— Aim of the exercise —
For this exercise, restate word for word only the lines from the one containing "모자에 레이스 러플 디테일" through the last line below. Pictures do not get copied.

— Information supplied —
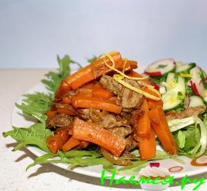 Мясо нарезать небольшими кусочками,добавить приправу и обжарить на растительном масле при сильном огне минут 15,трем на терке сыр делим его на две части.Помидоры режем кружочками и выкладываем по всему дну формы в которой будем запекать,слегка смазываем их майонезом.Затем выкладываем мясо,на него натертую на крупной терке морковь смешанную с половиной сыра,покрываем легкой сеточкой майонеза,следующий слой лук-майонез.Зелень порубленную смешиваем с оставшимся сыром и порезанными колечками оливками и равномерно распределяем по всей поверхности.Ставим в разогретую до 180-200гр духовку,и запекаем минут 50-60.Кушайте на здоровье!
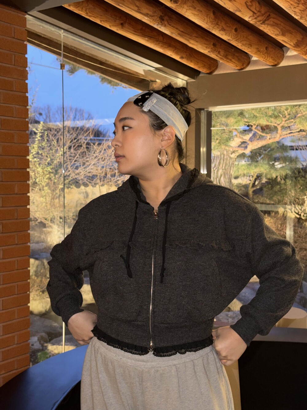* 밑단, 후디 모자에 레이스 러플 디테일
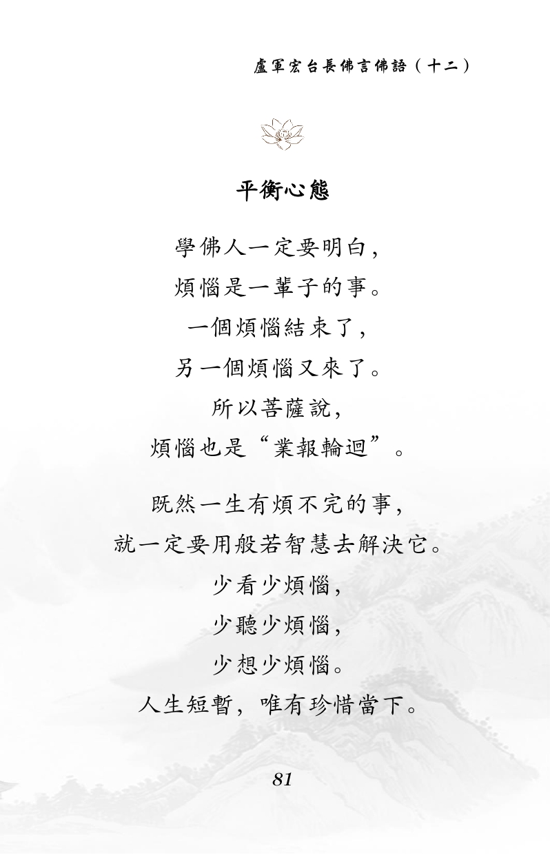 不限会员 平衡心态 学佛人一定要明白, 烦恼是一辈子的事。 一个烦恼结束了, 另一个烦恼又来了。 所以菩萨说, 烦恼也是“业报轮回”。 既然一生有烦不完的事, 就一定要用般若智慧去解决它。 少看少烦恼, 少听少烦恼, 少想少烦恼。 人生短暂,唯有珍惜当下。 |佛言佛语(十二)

— Exercise answer —
* 밑단, 후디 모자에 레이스 러플 디테일
 不限会员 平衡心态 学佛人一定要明白, 烦恼是一辈子的事。 一个烦恼结束了, 另一个烦恼又来了。 所以菩萨说, 烦恼也是“业报轮回”。 既然一生有烦不完的事, 就一定要用般若智慧去解决它。 少看少烦恼, 少听少烦恼, 少想少烦恼。 人生短暂,唯有珍惜当下。 |佛言佛语(十二)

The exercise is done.